What to do: With the images excluded, set down every line of the listing below exactly.

Data below:
*** Block opens ***
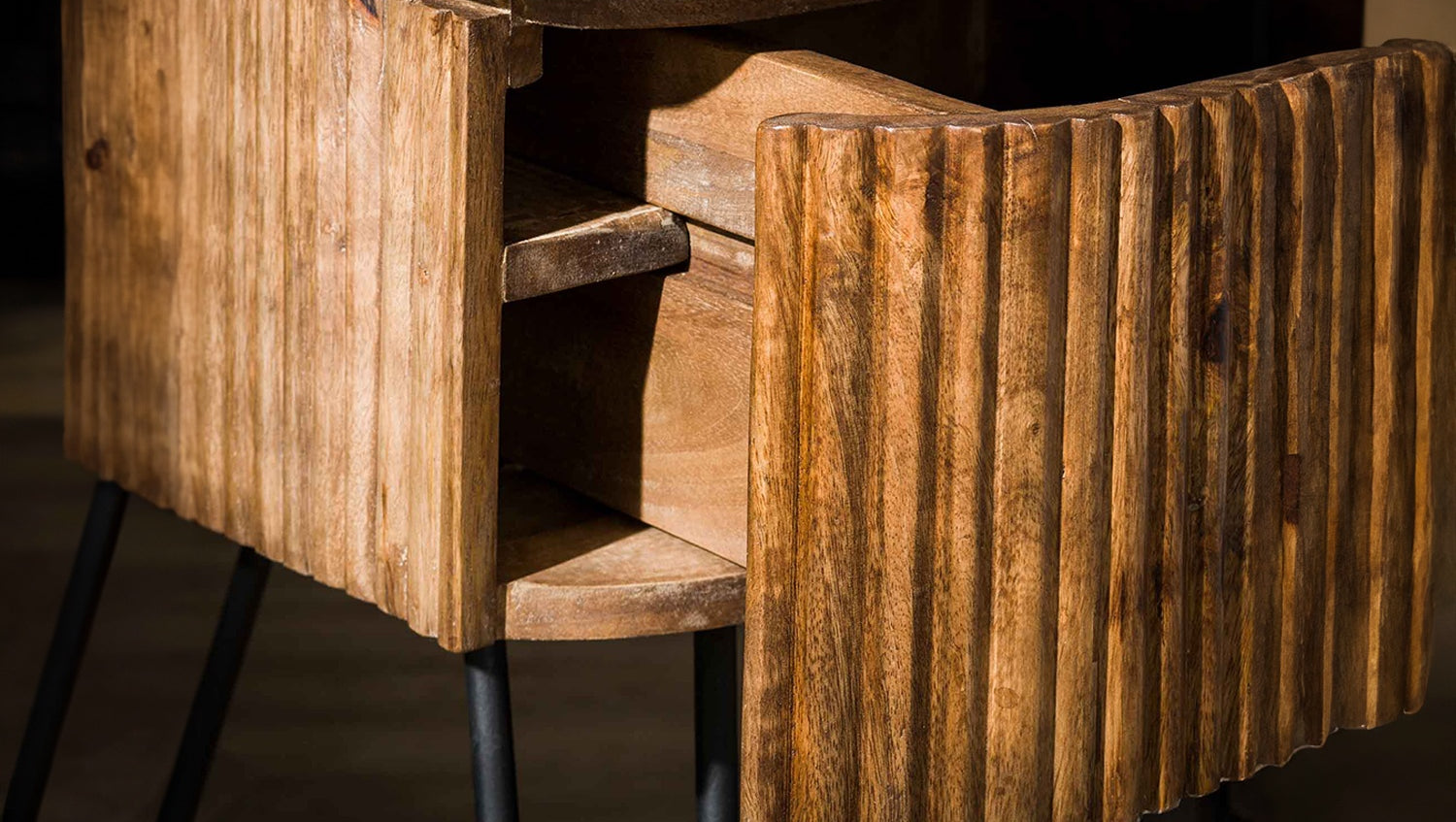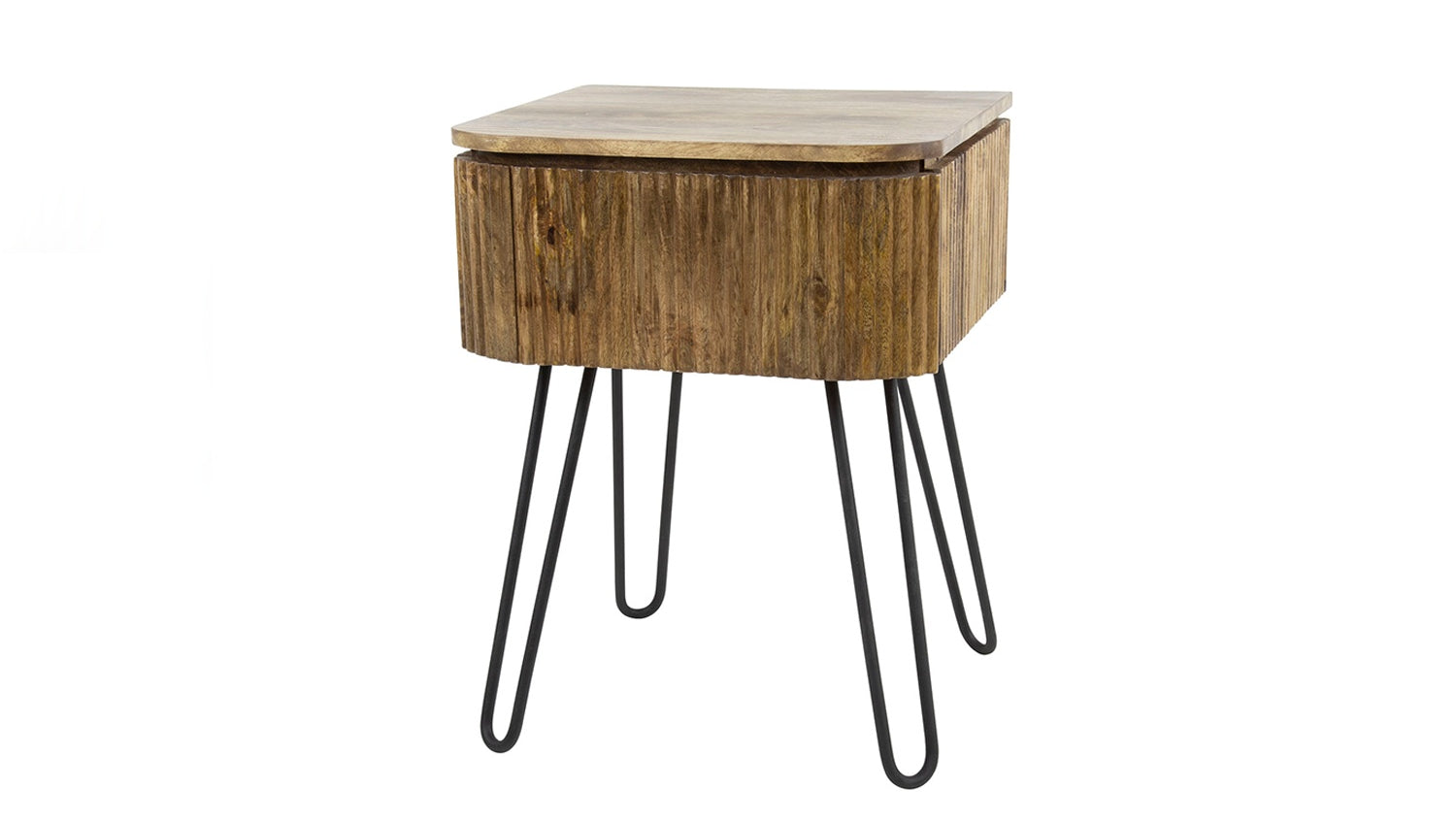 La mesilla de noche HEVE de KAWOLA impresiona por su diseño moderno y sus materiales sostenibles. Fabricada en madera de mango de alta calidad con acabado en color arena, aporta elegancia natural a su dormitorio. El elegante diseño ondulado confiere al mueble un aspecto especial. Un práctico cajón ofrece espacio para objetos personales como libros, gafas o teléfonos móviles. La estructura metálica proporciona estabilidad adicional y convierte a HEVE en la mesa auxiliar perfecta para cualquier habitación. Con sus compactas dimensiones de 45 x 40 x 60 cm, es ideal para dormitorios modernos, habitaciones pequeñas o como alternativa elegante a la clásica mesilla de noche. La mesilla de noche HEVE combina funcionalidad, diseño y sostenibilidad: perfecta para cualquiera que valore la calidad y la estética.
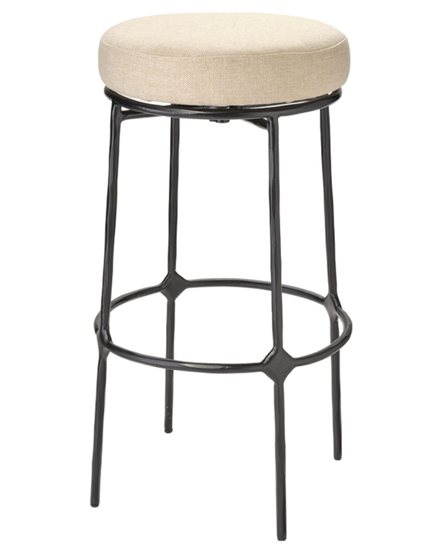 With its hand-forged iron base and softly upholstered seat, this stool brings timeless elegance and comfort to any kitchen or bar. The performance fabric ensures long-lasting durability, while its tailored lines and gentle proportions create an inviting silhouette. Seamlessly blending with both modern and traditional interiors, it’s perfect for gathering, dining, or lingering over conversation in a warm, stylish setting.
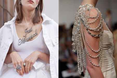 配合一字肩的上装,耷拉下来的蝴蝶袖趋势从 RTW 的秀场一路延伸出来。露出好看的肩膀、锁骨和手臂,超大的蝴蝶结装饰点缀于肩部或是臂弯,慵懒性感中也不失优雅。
*** Block closes ***
Response area:
 La mesilla de noche HEVE de KAWOLA impresiona por su diseño moderno y sus materiales sostenibles. Fabricada en madera de mango de alta calidad con acabado en color arena, aporta elegancia natural a su dormitorio. El elegante diseño ondulado confiere al mueble un aspecto especial. Un práctico cajón ofrece espacio para objetos personales como libros, gafas o teléfonos móviles. La estructura metálica proporciona estabilidad adicional y convierte a HEVE en la mesa auxiliar perfecta para cualquier habitación. Con sus compactas dimensiones de 45 x 40 x 60 cm, es ideal para dormitorios modernos, habitaciones pequeñas o como alternativa elegante a la clásica mesilla de noche. La mesilla de noche HEVE combina funcionalidad, diseño y sostenibilidad: perfecta para cualquiera que valore la calidad y la estética.
 With its hand-forged iron base and softly upholstered seat, this stool brings timeless elegance and comfort to any kitchen or bar. The performance fabric ensures long-lasting durability, while its tailored lines and gentle proportions create an inviting silhouette. Seamlessly blending with both modern and traditional interiors, it’s perfect for gathering, dining, or lingering over conversation in a warm, stylish setting.
 配合一字肩的上装,耷拉下来的蝴蝶袖趋势从 RTW 的秀场一路延伸出来。露出好看的肩膀、锁骨和手臂,超大的蝴蝶结装饰点缀于肩部或是臂弯,慵懒性感中也不失优雅。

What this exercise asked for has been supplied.